I hesitate to call myself a ‘Black Mirror’ addict, as that might imply enjoyment. But I am impressed with the imagination and the warning. Binge viewing may be a temptation for anything else on Netflix, but not with ‘Black Mirror’. Personally, I dose viewing to a SINGLE episode WHEN I have the stamina; 2 episodes end to end: NOT a good idea.

And I wonder if the writers read news headlines, thinking, “Shucks! We’re too late with that storyline, it’s already happening!”

Capturing life

One example of a ‘Black Mirror’-episode-seemingly-come-to-life is our current tendency to view reality through a screen. We’re so busy capturing life, there’s no time to watch it.
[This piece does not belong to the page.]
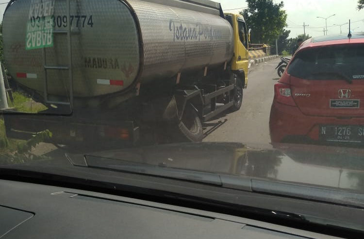 11.35: Info awal: Truk tangki as roda belakangnya patah setelah jembatan Arteri Baru Porong- Surabaya. Lalu lintas padat. (odp-rt)

Think of the scenes last Saturday of the newlyweds Meghan and Harry riding in their open coach through Windsor. Through a forest of phones. Thousands upon thousands of phones, cameras, tablets.

I would love to ask the royal couple who they actually had eye contact with. Mostly with the very young and very old? Did nearly everybody else have their eyes glued on their screens?

I would love to ask folks from that crowd if they thought about putting down their handheld devices to simply watch Meghan and Harry passing by. Or is there a fear of missing the moment: it has to be recorded in order to be relived and relived again.

But was it ever lived in the first place?

Is the irony, the tragedy, that we have already missed the moment in our efforts to capture it?

Be the one watching

And are we approaching a ‘Black Mirror’ point in society where we’re so accustomed to viewing life through our screens that we start to feel naked and vulnerable without them?

That we start to fear actual eye contact?

Have we even passed that point?

Dare we see screenless?

Let’s not miss the moment passing by.

 

 

Photo: How about screenless viewing?